• The task: Please give all of the data again, character for character, and drop the pictures.

• Dataset section:

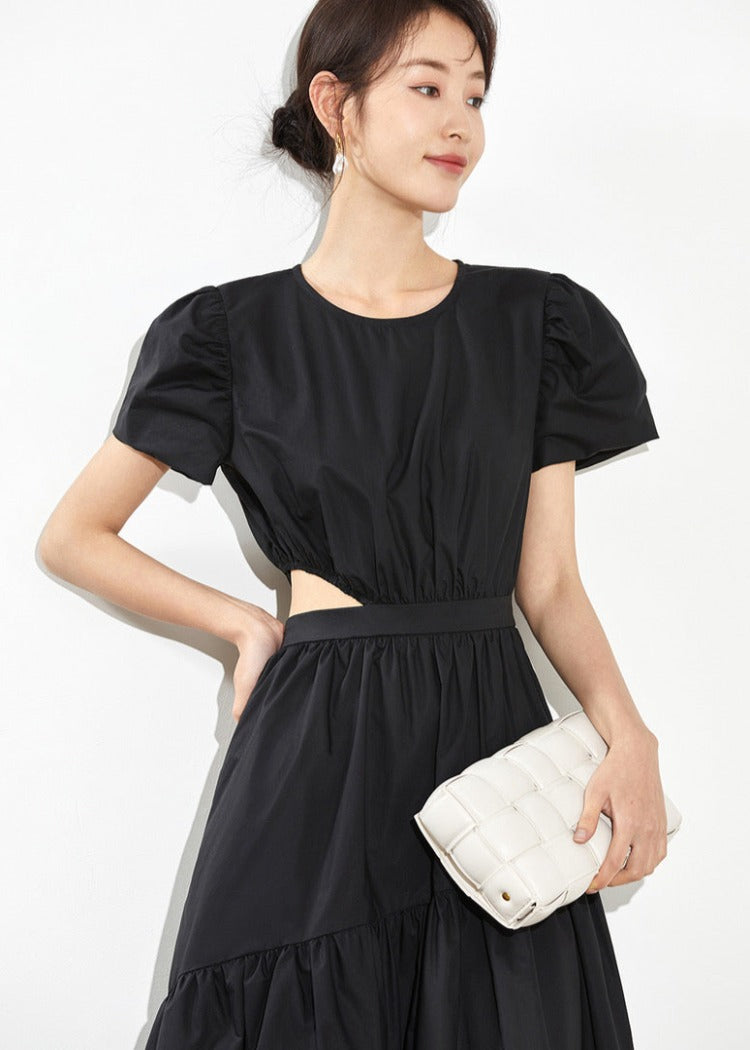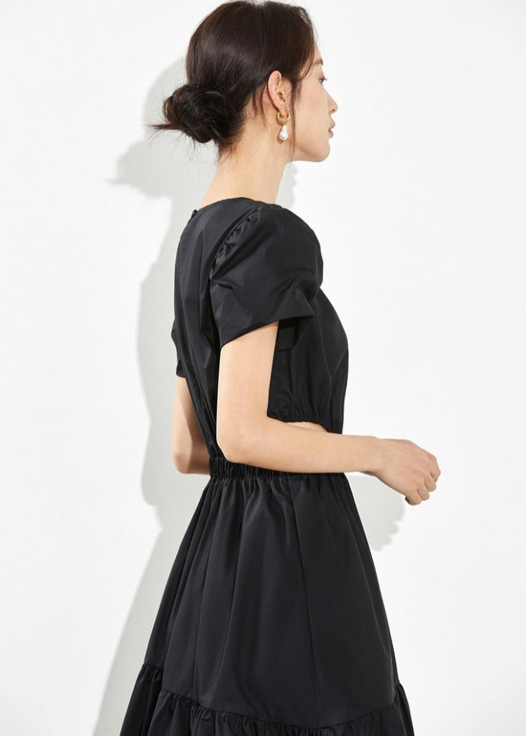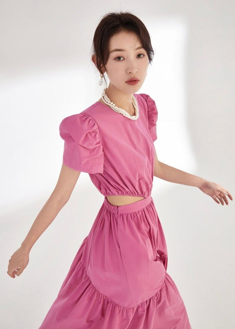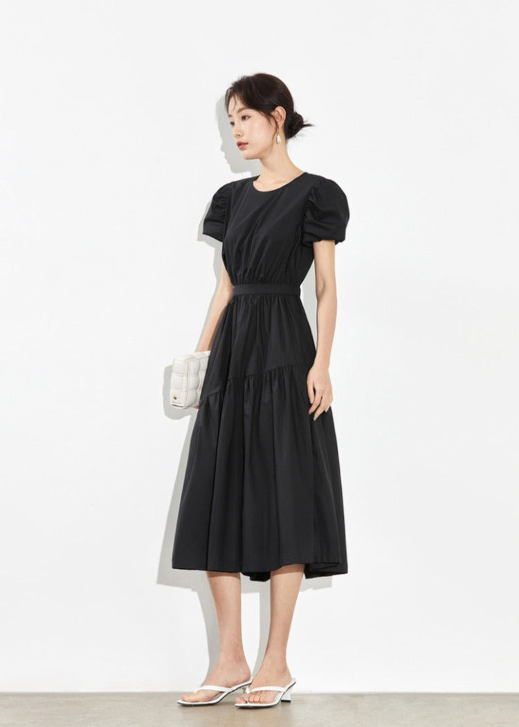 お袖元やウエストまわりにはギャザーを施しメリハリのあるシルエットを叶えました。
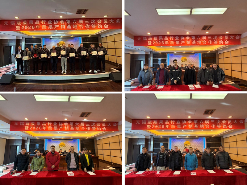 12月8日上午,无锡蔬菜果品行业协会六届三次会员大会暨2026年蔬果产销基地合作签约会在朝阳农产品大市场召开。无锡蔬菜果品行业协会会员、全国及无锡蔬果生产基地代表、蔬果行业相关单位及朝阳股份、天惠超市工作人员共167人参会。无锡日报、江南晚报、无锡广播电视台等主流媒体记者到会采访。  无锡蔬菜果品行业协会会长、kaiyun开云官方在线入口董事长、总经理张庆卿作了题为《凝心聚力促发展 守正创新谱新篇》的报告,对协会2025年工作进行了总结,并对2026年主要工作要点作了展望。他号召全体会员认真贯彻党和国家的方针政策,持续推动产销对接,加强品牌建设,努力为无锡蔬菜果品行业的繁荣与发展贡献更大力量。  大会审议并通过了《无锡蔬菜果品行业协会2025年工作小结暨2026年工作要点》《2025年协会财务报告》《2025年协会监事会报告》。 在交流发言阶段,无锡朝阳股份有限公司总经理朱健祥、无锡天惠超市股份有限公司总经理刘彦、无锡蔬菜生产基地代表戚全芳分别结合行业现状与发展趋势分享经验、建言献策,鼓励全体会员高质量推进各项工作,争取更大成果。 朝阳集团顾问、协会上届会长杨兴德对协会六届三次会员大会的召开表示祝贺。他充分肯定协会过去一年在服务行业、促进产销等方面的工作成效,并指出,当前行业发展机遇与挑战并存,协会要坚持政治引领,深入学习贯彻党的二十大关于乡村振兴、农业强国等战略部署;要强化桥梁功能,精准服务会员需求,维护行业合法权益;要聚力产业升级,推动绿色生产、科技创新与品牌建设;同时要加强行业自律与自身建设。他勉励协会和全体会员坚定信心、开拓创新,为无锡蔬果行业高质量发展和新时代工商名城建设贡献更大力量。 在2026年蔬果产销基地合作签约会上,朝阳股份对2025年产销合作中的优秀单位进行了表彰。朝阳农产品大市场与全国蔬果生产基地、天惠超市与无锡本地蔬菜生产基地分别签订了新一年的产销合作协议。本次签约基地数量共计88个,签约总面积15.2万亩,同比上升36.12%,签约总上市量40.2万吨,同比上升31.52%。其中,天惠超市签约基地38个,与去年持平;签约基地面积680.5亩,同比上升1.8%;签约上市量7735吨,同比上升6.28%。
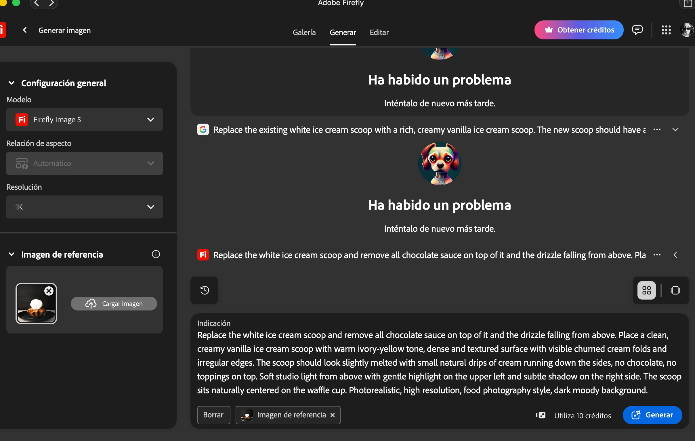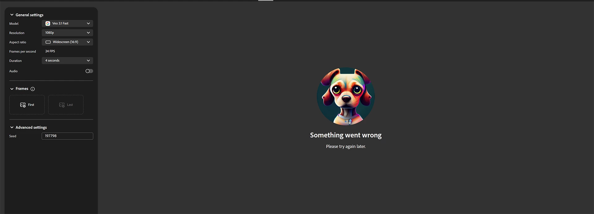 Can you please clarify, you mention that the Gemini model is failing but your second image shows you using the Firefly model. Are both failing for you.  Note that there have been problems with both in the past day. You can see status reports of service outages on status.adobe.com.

• Written response:
 お袖元やウエストまわりにはギャザーを施しメリハリのあるシルエットを叶えました。
 12月8日上午,无锡蔬菜果品行业协会六届三次会员大会暨2026年蔬果产销基地合作签约会在朝阳农产品大市场召开。无锡蔬菜果品行业协会会员、全国及无锡蔬果生产基地代表、蔬果行业相关单位及朝阳股份、天惠超市工作人员共167人参会。无锡日报、江南晚报、无锡广播电视台等主流媒体记者到会采访。  无锡蔬菜果品行业协会会长、kaiyun开云官方在线入口董事长、总经理张庆卿作了题为《凝心聚力促发展 守正创新谱新篇》的报告,对协会2025年工作进行了总结,并对2026年主要工作要点作了展望。他号召全体会员认真贯彻党和国家的方针政策,持续推动产销对接,加强品牌建设,努力为无锡蔬菜果品行业的繁荣与发展贡献更大力量。  大会审议并通过了《无锡蔬菜果品行业协会2025年工作小结暨2026年工作要点》《2025年协会财务报告》《2025年协会监事会报告》。 在交流发言阶段,无锡朝阳股份有限公司总经理朱健祥、无锡天惠超市股份有限公司总经理刘彦、无锡蔬菜生产基地代表戚全芳分别结合行业现状与发展趋势分享经验、建言献策,鼓励全体会员高质量推进各项工作,争取更大成果。 朝阳集团顾问、协会上届会长杨兴德对协会六届三次会员大会的召开表示祝贺。他充分肯定协会过去一年在服务行业、促进产销等方面的工作成效,并指出,当前行业发展机遇与挑战并存,协会要坚持政治引领,深入学习贯彻党的二十大关于乡村振兴、农业强国等战略部署;要强化桥梁功能,精准服务会员需求,维护行业合法权益;要聚力产业升级,推动绿色生产、科技创新与品牌建设;同时要加强行业自律与自身建设。他勉励协会和全体会员坚定信心、开拓创新,为无锡蔬果行业高质量发展和新时代工商名城建设贡献更大力量。 在2026年蔬果产销基地合作签约会上,朝阳股份对2025年产销合作中的优秀单位进行了表彰。朝阳农产品大市场与全国蔬果生产基地、天惠超市与无锡本地蔬菜生产基地分别签订了新一年的产销合作协议。本次签约基地数量共计88个,签约总面积15.2万亩,同比上升36.12%,签约总上市量40.2万吨,同比上升31.52%。其中,天惠超市签约基地38个,与去年持平;签约基地面积680.5亩,同比上升1.8%;签约上市量7735吨,同比上升6.28%。
 Can you please clarify, you mention that the Gemini model is failing but your second image shows you using the Firefly model. Are both failing for you.  Note that there have been problems with both in the past day. You can see status reports of service outages on status.adobe.com.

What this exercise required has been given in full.